Это наиболее точное и полное описание райка принадлежит Д. А. Ровинскому, уже упоминавшемуся нами в связи с театром Петрушки.
Раек был обязательной частью народных гуляний и увеселений в городах России прошлого столетия. К концу века наряду с переносным райком появились и стационарные установки довольно внушительных размеров с несколькими стеклами. На крупных ярмарках и гуляньях выступало сразу по нескольку раешников. «На Адмиралтейской площади их было особенно много, человек до десяти, они соперничали в импровизациях, особенно когда попадались охочие слушатели»2.
Принадлежность к гулянью, к праздничной площади определила основные черты этих представлений. Во-первых, ящик расписывался сочными красками, украшался фигурками, флажками, своеобразным флюгером с надписью «Всемирная Косморама» (так называл свой театрик хозяин райка). Во-вторых, одежда раешника, как правило, была подчеркнуто небудничной, напоминающей балаганных «дедов»-зазывал: «На нем серый, обшитый красной или желтой тесьмой кафтан с пучками цветных тряпок на плечах, шапка-коломенка, также украшенная яркими тряпками. На ногах у него лапти, к подбородку привязана льняная борода»3. Наконец, раешник умело заигрывал с публикой, зазывая ее к своей панораме.

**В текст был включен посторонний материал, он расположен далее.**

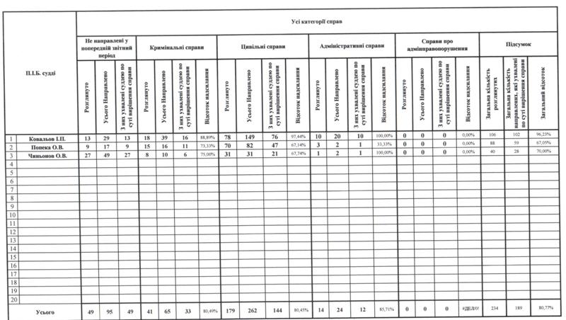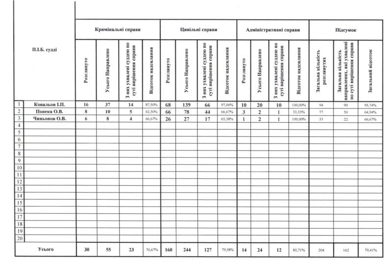 Показники діяльності суду за півріччя та рік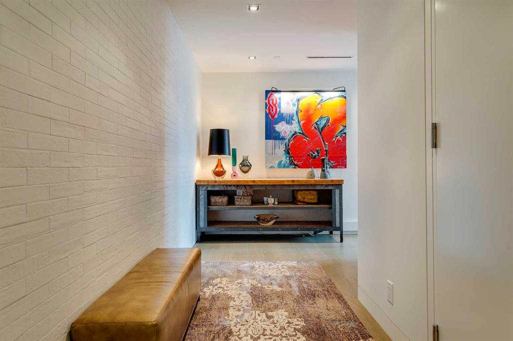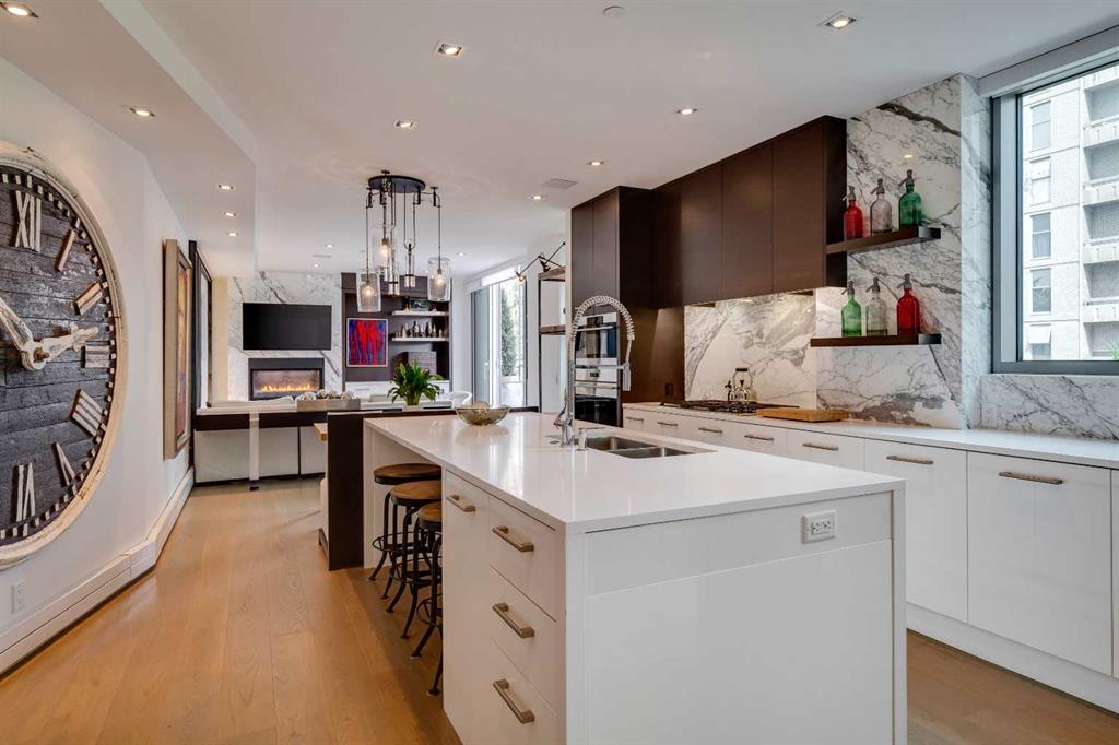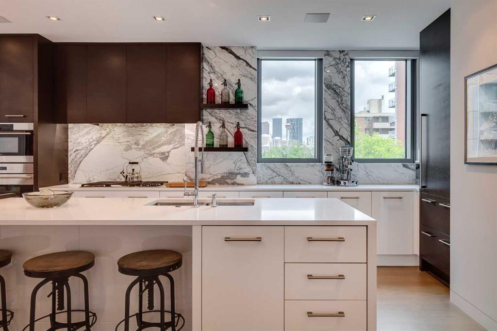 When only the very best will do…“The River” is Calgary’s undisputed top-luxury-condo destination. An exclusive collection of just 38 residences with incredible amenities including a full-time concierge. and fitness. Located in Mission, on the banks of the Elbow River and adjacent to the 4th Street Village with top restaurants, bars, cafes, shopping and services. The walk score is incredible! Suite 310 is the smallest unit in the main tower…in the NW corner with easy access to concierge and amenities including the fitness centre. The suite is 1236 square feet with one bedroom, 9’ ceilings, huge windows and a 300+ square foot terrace that runs the full length of the suite. Incredibly high level of finish throughout. Douglas Cridland Interior Design completed some carefully tailored improvements. Bright open-plan including a living space with fireplace and terrace access, a bright dining space with Holly Hunt chandelier, and a chef’s dream kitchen with Downsview cabinetry, Subzero and Wolf appliances, huge island and downtown views. The beautiful primary bedroom offers bespoke paneling and millwork, downtown views, terrace access, a walk-in closet, and a gorgeous marble-clad 4-piece ensuite bath with steam shower. Generous laundry room and a 2-piece powder room. 2 very prime parking stalls with storage rooms at the head of each stall. Guest suite for the building is right next door (offering a 2nd bedroom when you need it). A very rare offering in the best condominium in Calgary…

Лента райка состояла из серии лубочных картинок. По свидетельству Алексеева-Яковлева, «основное содержание намотанной на валик райка панорамы» составляли виды городов. Кроме них «показывались памятные исторические события, вроде отступления Наполеона у Березины, защиты Малахова кургана или пленения Шамиля в ауле Гуниб, а то и изображения былинных богатырей вроде Ильи Муромца или Еруслана Лазаревича на долгогривом коне». Здесь же можно было увидеть грешников, мучающихся в аду, комету Бела, железную дорогу, портреты государственных и общественных деятелей (русских царей, Наполеона, Бисмарка, Ломоносова, турецкого султана) и многое другое.

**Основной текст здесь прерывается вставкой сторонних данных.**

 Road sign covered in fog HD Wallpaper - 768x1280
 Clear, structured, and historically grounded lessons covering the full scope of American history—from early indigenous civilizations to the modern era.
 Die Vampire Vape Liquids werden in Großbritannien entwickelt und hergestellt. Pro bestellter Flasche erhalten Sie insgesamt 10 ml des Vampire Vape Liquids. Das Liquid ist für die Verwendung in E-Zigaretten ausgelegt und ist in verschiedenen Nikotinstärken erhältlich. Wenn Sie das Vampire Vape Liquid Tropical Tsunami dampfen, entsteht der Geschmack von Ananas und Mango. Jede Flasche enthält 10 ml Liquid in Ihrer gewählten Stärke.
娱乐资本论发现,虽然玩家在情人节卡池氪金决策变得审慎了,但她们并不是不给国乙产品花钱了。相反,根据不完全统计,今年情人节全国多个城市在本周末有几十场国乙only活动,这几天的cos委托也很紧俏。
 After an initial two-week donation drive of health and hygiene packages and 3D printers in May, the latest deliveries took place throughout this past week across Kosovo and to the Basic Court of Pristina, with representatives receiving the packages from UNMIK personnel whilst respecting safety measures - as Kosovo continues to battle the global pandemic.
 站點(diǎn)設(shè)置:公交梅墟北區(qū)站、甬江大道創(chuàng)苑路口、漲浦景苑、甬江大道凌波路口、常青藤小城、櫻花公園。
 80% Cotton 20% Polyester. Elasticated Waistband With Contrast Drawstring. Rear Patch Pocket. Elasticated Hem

Показ картинок сопровождался пояснениями раешника, обычно шутливыми или остро сатирическими. Прибаутки произносились громко, нараспев, они были не только комментариями к картинкам, но выполняли и функцию рекламы, привлекая публику и увеселяя тех, кто дожидался своей очереди поглядеть в окошко панорамы. Эта двойная аудитория (зрителей и слушателей), на которую одновременно «работал» раешник, и делала его выступления настоящим театром одного актера.

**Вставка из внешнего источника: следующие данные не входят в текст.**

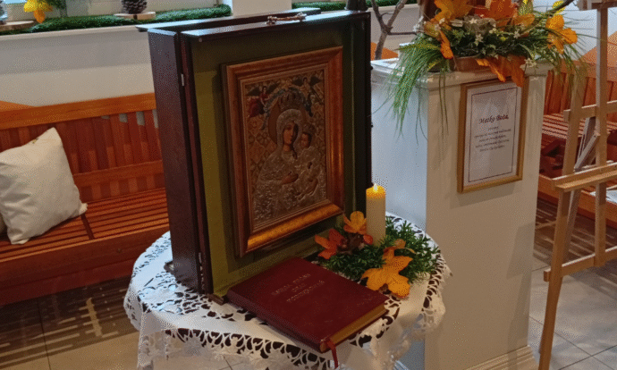 W dniu dzisiejszym do naszego przedszkola przybyła kopia obrazu Matki Bożej z Gietrzwałdu.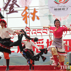 中国西藏网讯 12 日上午, 2017 年第三届稻城亚丁"登秋节"正式开幕。"登秋节"意为送夏迎秋节,是当地重要的民俗文化节。节日期间,当地群众在草原上搭起帐篷、铺上地毯,摆上各种小吃,或打牌聊天、或载歌载舞。图为开幕式歌舞。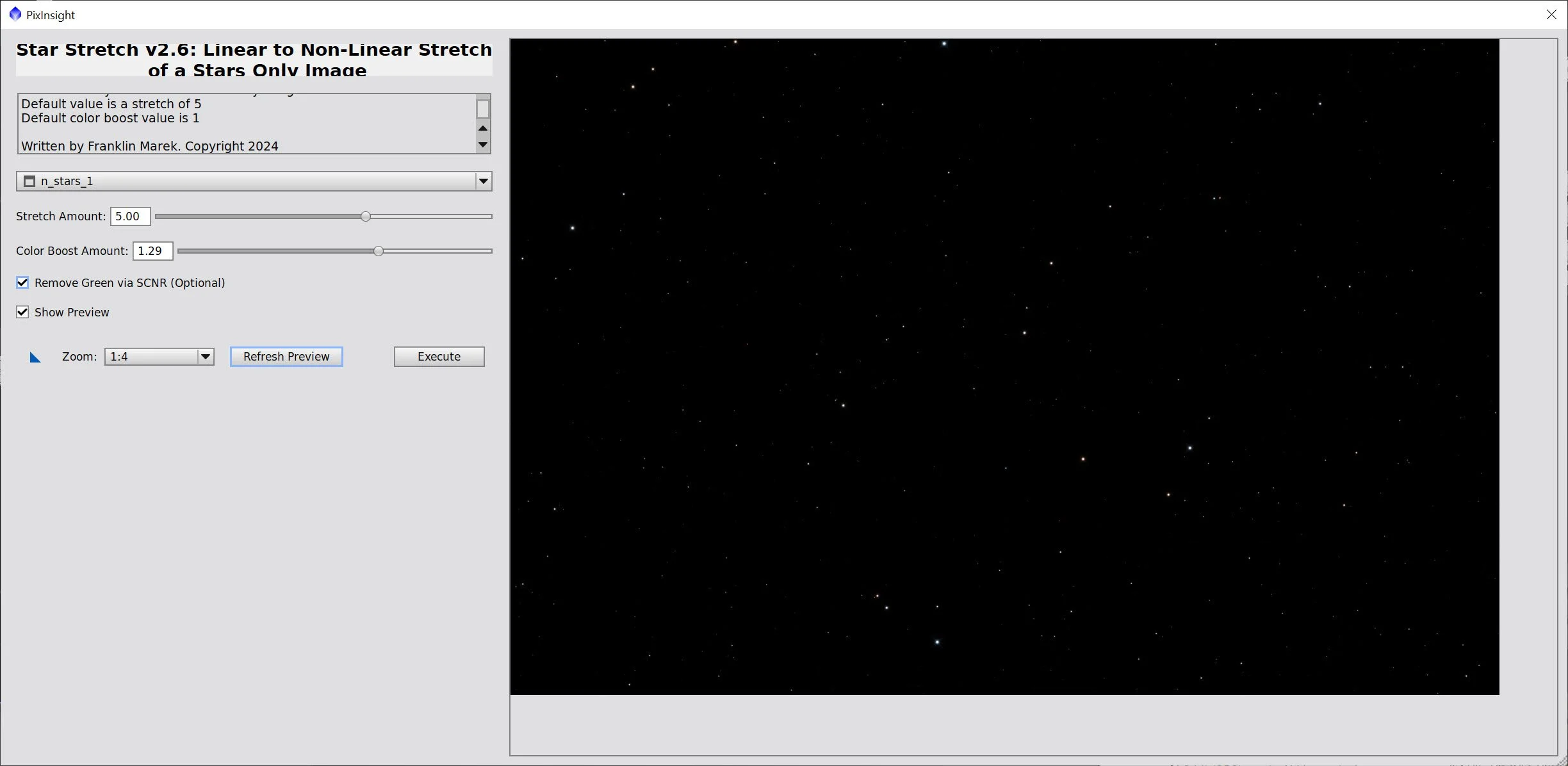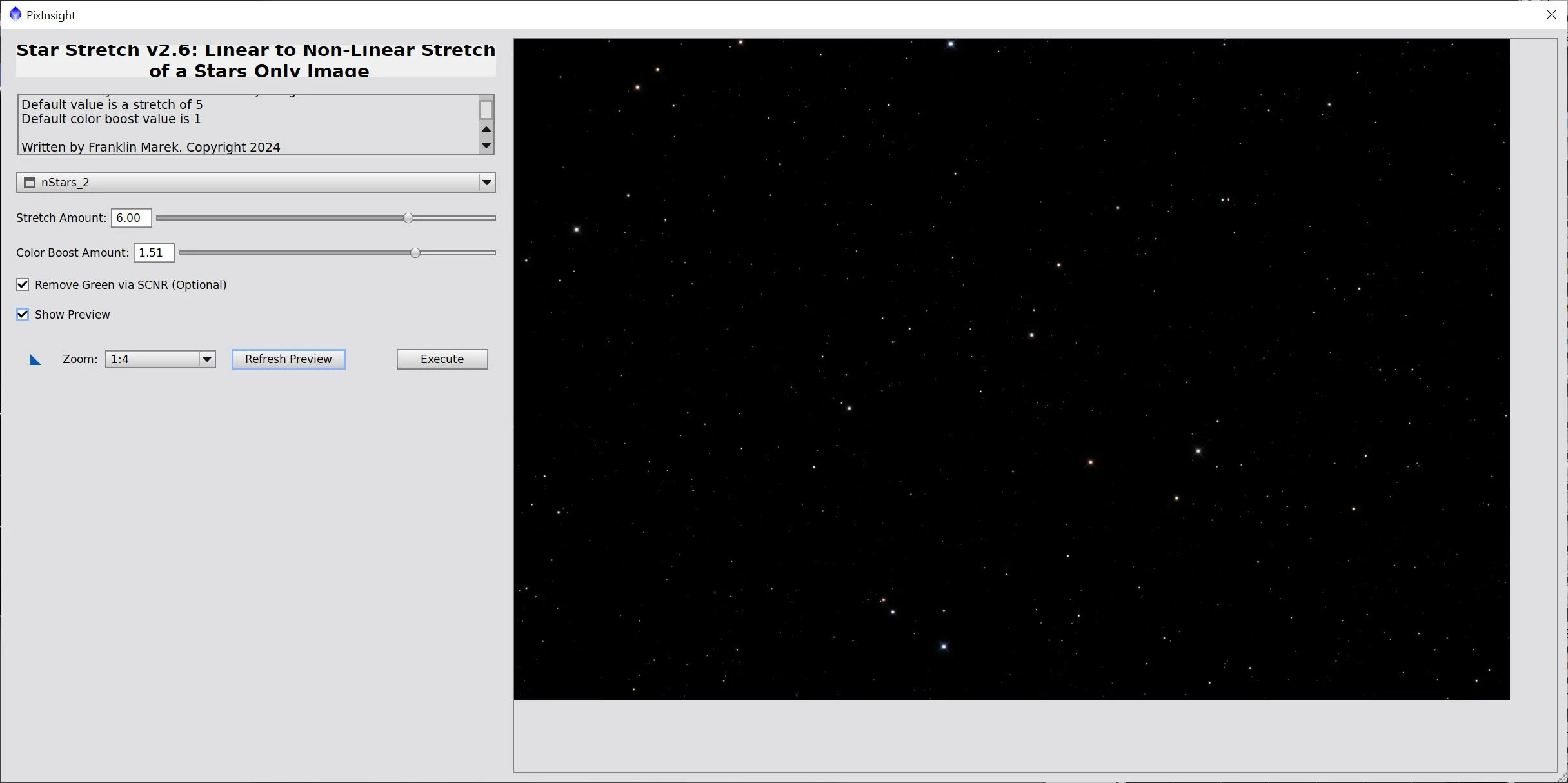 The Star Stretch Script and parameters used for Stars_1 - with the lowest stretch.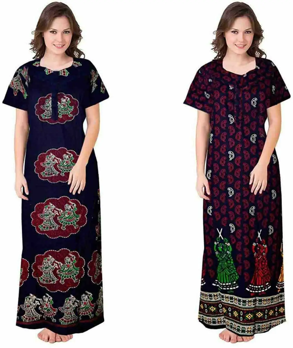 Retail Shopee offers this delicately embellished rich long Printed nighty dress for a sweat free comfort all night long. This a perfect pick for women who are fond of stylish nightwear. This Half sleeved nighty is a must have for your night wear needs. Made with 100% soft cotton to keep you cool all throughout. This beautiful nighty comes in free size and completely adjustable for 40-44 inches bust size.
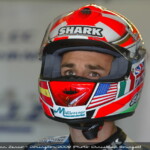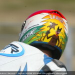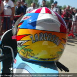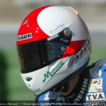 Ensuite, sur les premières versions, il y avait beaucoup de drapeaux sur les côtés du casque, dans le même esprit; cet esprit  « respect à chaque pilote, à chaque drapeau qui représentait une nationalité », que ce soit la Finlande pour Saarinen, l’Australie pour Stoner et Doohan. Donc beaucoup de drapeaux mais, avec le temps , j’ai commencé à avoir ma propre image, donc on s’est dit qu’il n’y avait plus besoin de montrer ce respect aux pilotes car « je suis maintenant le pilote » et j’ai mis en avant le drapeau français, pour notre nation, et le drapeau hongrois pour se rappeler que c’est avec Gabor Talmacsi que j’ai pu commencer les Grands Prix, parce que j’ai été en Hongrie, via la femme de Laurent qui est hongroise, et c’est comme ça qu’on a pu avoir les premières portes ouvertes en Grand Prix, et donc, on ne l’oublie pas et on garde la Hongrie dans notre cœur.
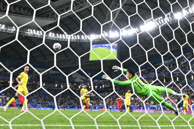 말레이시아 골키퍼가 16일 요르단과의 AFC 아시안컵 조별리그 1차전에서 상대 슈팅 선방을 시도하고 있다. AFP=연합뉴스 이번 아시안컵은 6개 조 1, 2위 팀이 16강에 직행하고, 성적이 좋은 3위 4개팀도 16강으로 향한다. 말레이시아 입장에서는 3위를 차지해 토너먼트에 오르는 것이 현실적인 꿈이었다. 하지만 요르단에 힘없이 무너지면서 조별리그 탈락이 가까워졌다.
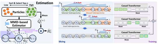 针对上述瓶颈问题,论文提出了峰值回报贪心切片框架(PRGS),在时间步层面对离线轨迹进行精细化建模,显式挖掘并利用高质量子轨迹信息,突破了传统以整条轨迹为单位的学习范式。该框架由三部分构成:一是基于最大均值差异(MMD)的分布式回报估计器,对单步状态-动作对的潜在回报进行乐观估计;二是基于回报峰值的贪心式子轨迹切片策略,在时间步层面递归提取高价值决策片段用于训练;三是在推理阶段引入自适应历史截断机制,使测试过程与子轨迹训练范式保持一致,有效缓解训练与推理不匹配问题。

Необходимо сказать, что приговоры далеко не всегда соотносились с картинкой, часто лубки, составляющие зримую часть райка, служили только поводом ко всякого рода рассуждениям, балагурству, сатирическим выпадам. Некоторые опытные панорамщики шли еще дальше: они «отнюдь не считались с сюжетом картинок, и присказка нередко противоречила изображению. <…> Панорамщики намеренно прибегали к такому приему, особенно когда входили во вкус и, состязаясь, стремились перетянуть слушателей, либо старались «отвести», обмануть недреманное око начальства», — читаем в книге воспоминаний А. Я. Алексеева-Яковлева.
Приводимые в сборнике тексты петербургского, московского и нижегородского райка передают сатирическую направленность приговоров раешников, стремление их идти в ногу со временем (в большей степени это относится к программе московского панорамщика), умение талантливо балагурить. Сопоставление разных по времени и месту записи текстов раешных прибауток вскрывает еще одну типическую черту искусства раешников: специфическое сочетание традиционного и новейшего, когда наряду с многажды повторяемыми, навязшими в зубах остротами звучали и настоящие «репортажи» с места события, отклики на новости дня; или когда самое злободневное содержание укладывалось в старые привычные формы.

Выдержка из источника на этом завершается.